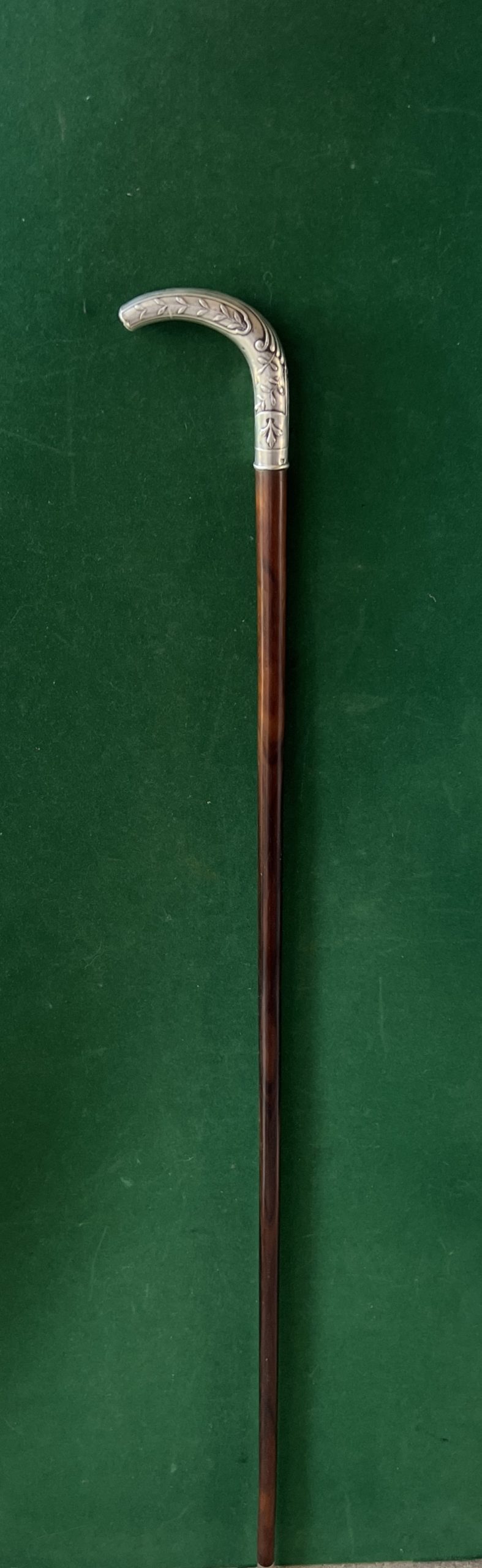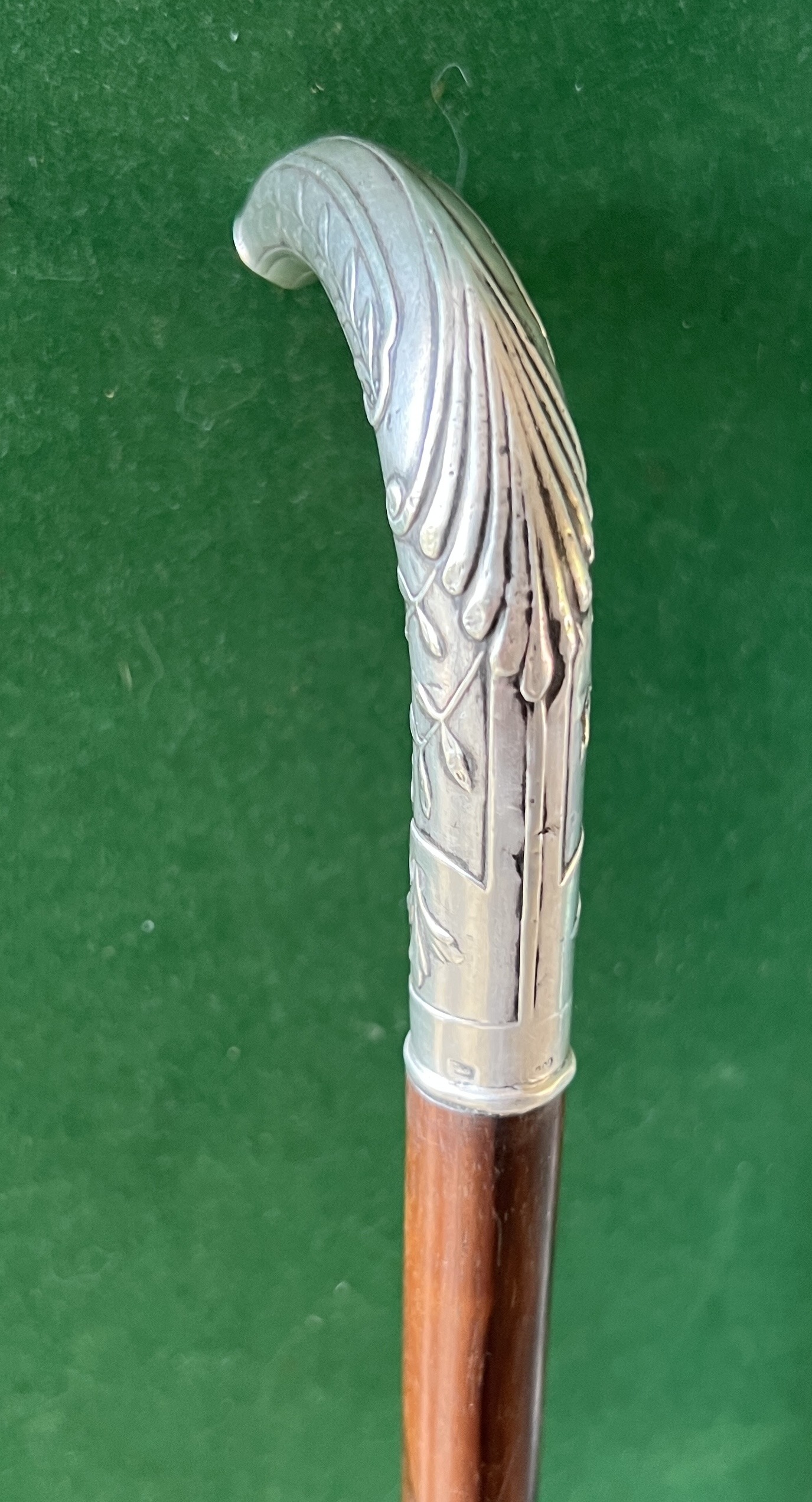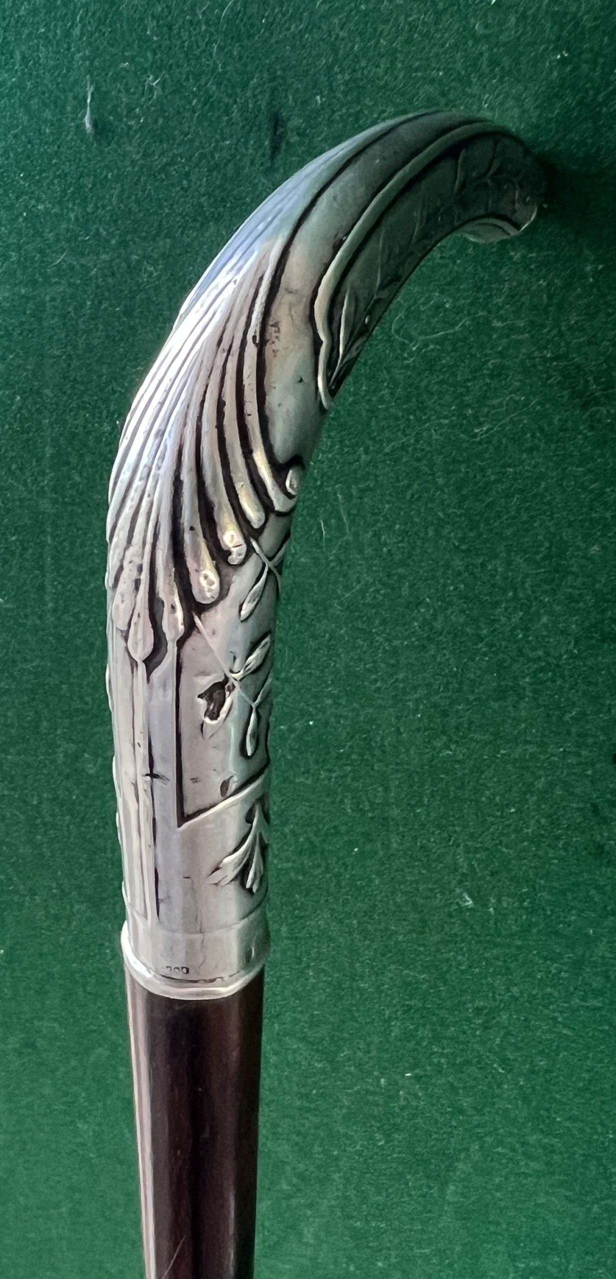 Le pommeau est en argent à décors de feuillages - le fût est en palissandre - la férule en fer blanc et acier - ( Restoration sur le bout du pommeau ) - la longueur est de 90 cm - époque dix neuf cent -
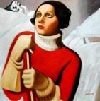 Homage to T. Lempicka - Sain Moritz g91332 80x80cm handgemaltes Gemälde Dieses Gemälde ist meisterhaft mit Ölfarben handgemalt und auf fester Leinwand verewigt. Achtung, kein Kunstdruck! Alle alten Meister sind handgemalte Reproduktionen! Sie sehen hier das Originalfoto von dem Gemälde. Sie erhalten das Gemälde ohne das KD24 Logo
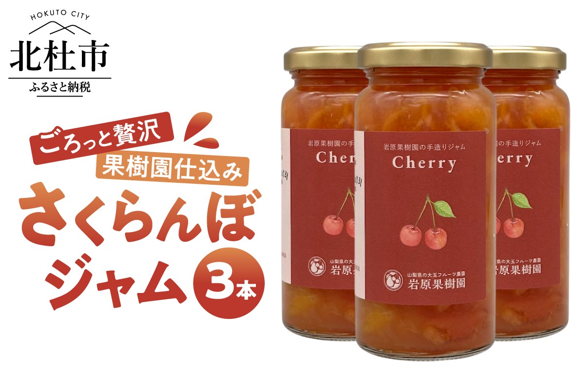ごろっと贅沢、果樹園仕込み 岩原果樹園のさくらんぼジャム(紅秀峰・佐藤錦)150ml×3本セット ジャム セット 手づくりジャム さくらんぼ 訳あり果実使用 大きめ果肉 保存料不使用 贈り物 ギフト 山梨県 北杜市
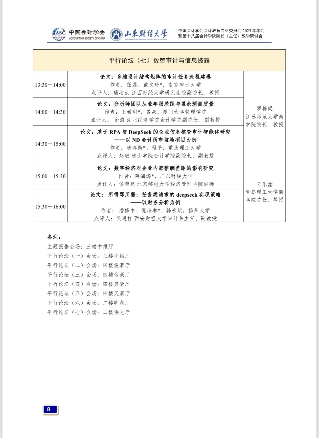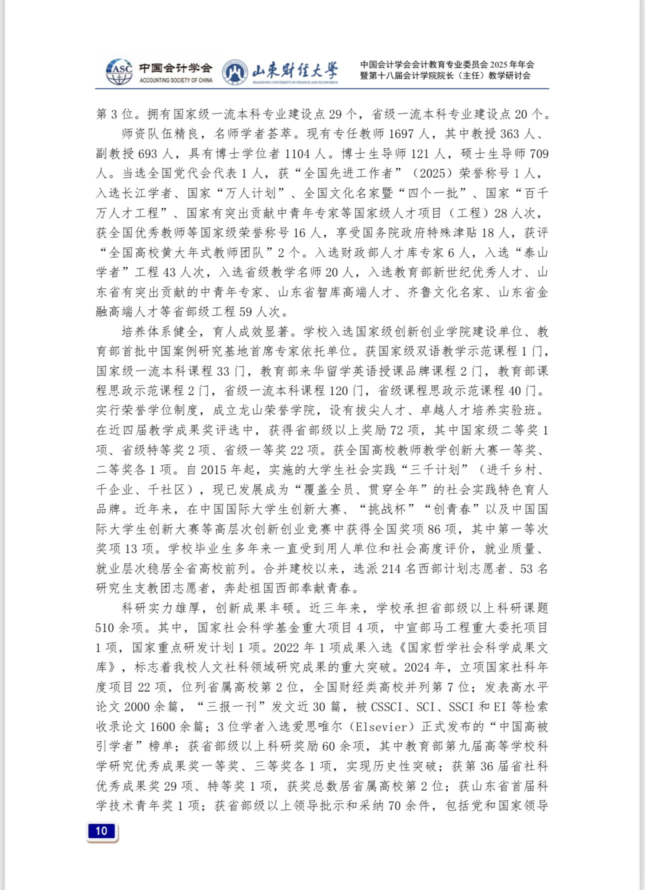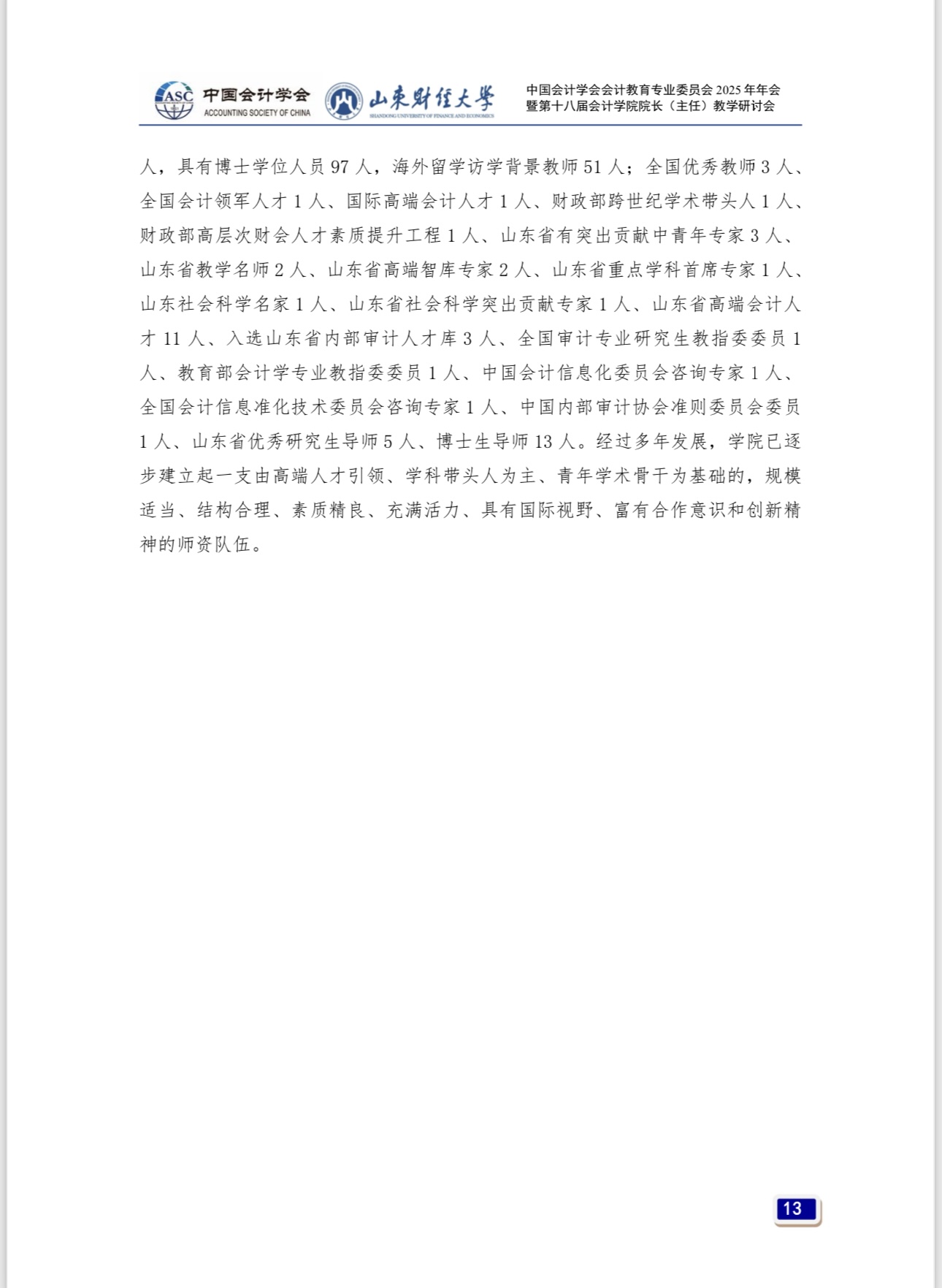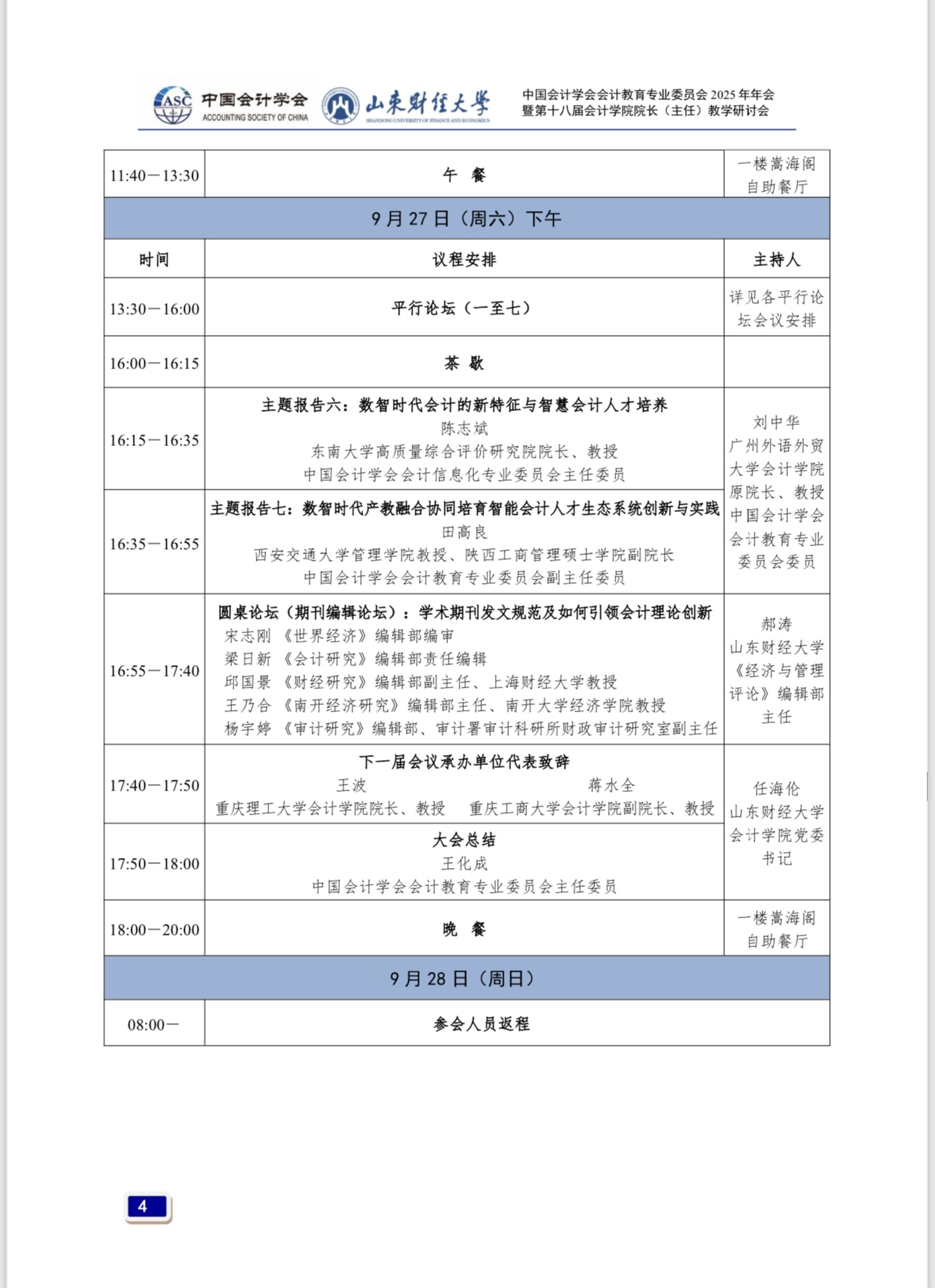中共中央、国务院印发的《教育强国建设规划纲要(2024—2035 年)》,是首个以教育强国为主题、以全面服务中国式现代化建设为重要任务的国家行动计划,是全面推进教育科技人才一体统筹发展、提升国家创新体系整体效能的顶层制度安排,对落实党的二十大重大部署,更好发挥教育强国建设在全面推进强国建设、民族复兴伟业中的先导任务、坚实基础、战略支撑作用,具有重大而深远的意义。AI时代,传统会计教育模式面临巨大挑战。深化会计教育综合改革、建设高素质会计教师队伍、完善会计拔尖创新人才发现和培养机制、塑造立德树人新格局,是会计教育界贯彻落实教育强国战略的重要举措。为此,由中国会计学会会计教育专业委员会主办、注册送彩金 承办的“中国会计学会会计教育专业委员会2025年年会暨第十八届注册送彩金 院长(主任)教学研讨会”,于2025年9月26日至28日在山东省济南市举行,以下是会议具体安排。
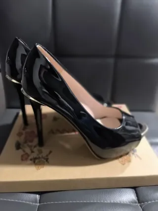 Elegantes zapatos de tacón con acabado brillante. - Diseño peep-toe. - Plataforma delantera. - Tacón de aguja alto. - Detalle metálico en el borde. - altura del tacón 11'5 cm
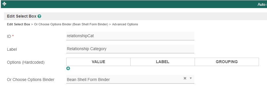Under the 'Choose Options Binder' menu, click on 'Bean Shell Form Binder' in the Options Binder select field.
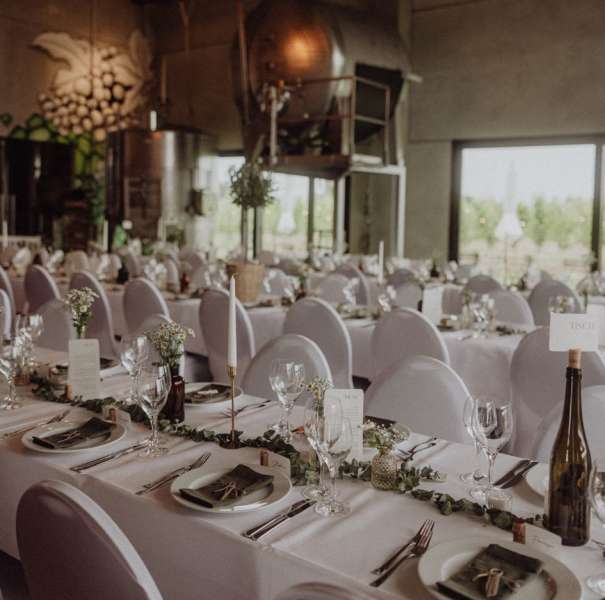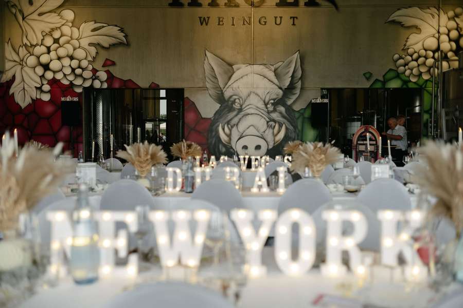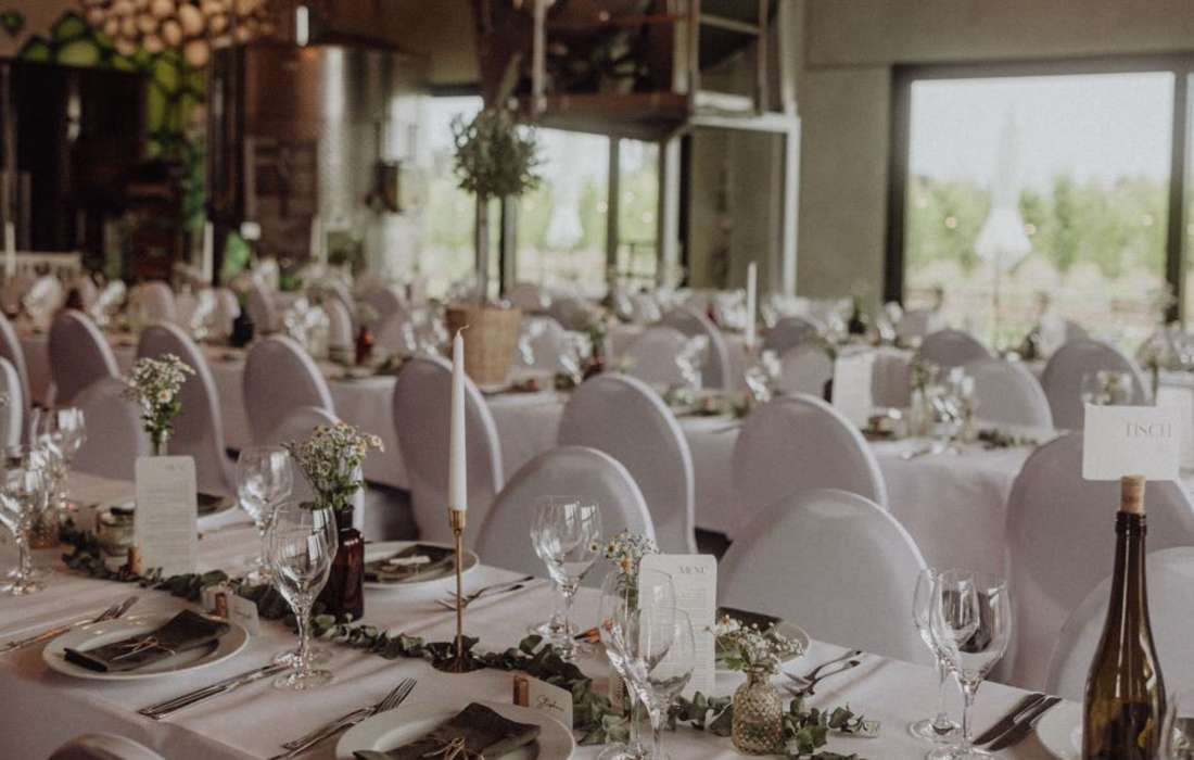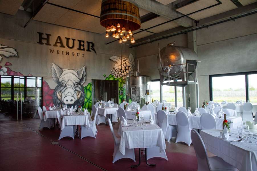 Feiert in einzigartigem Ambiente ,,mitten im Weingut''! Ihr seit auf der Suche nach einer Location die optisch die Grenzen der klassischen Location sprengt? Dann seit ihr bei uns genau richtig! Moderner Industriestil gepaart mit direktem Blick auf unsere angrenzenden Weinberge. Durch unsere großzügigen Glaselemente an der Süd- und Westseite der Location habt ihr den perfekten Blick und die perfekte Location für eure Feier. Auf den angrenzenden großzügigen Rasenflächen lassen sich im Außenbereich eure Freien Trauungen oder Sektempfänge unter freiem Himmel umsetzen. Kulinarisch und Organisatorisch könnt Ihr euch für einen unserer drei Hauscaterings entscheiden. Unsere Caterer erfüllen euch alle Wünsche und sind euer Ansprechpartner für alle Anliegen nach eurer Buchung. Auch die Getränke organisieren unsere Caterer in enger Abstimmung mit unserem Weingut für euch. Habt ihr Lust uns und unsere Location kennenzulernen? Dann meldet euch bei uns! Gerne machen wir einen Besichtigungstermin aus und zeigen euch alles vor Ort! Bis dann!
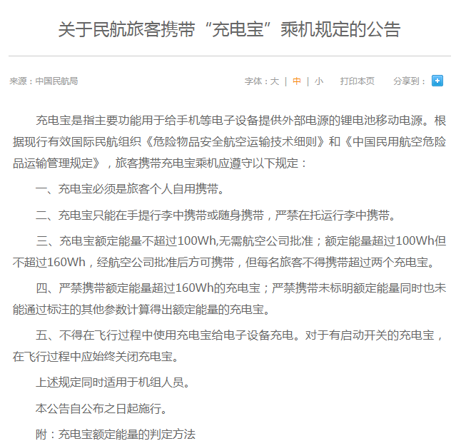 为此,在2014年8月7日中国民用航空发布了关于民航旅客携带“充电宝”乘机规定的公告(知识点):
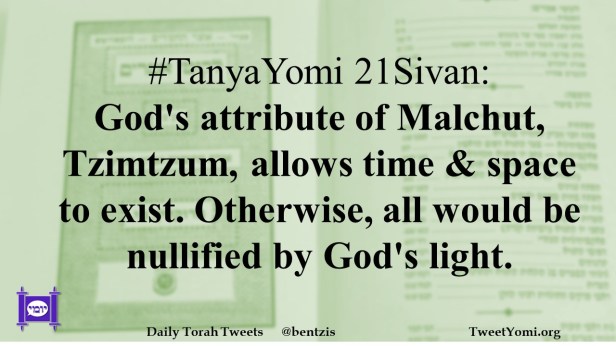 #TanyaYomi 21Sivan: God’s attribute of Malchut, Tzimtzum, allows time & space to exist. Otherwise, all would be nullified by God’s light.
▬▬▬▬▬▬
• [Required work] Every line from the first line of the entries above through the line with "Elegantes zapatos de" must be repeated exactly, and pictures must not be.

• [Result for this task]
 Le pommeau est en argent à décors de feuillages - le fût est en palissandre - la férule en fer blanc et acier - ( Restoration sur le bout du pommeau ) - la longueur est de 90 cm - époque dix neuf cent -
 Homage to T. Lempicka - Sain Moritz g91332 80x80cm handgemaltes Gemälde Dieses Gemälde ist meisterhaft mit Ölfarben handgemalt und auf fester Leinwand verewigt. Achtung, kein Kunstdruck! Alle alten Meister sind handgemalte Reproduktionen! Sie sehen hier das Originalfoto von dem Gemälde. Sie erhalten das Gemälde ohne das KD24 Logo
ごろっと贅沢、果樹園仕込み 岩原果樹園のさくらんぼジャム(紅秀峰・佐藤錦)150ml×3本セット ジャム セット 手づくりジャム さくらんぼ 訳あり果実使用 大きめ果肉 保存料不使用 贈り物 ギフト 山梨県 北杜市
中共中央、国务院印发的《教育强国建设规划纲要(2024—2035 年)》,是首个以教育强国为主题、以全面服务中国式现代化建设为重要任务的国家行动计划,是全面推进教育科技人才一体统筹发展、提升国家创新体系整体效能的顶层制度安排,对落实党的二十大重大部署,更好发挥教育强国建设在全面推进强国建设、民族复兴伟业中的先导任务、坚实基础、战略支撑作用,具有重大而深远的意义。AI时代,传统会计教育模式面临巨大挑战。深化会计教育综合改革、建设高素质会计教师队伍、完善会计拔尖创新人才发现和培养机制、塑造立德树人新格局,是会计教育界贯彻落实教育强国战略的重要举措。为此,由中国会计学会会计教育专业委员会主办、注册送彩金 承办的“中国会计学会会计教育专业委员会2025年年会暨第十八届注册送彩金 院长(主任)教学研讨会”,于2025年9月26日至28日在山东省济南市举行,以下是会议具体安排。
 Elegantes zapatos de tacón con acabado brillante. - Diseño peep-toe. - Plataforma delantera. - Tacón de aguja alto. - Detalle metálico en el borde. - altura del tacón 11'5 cm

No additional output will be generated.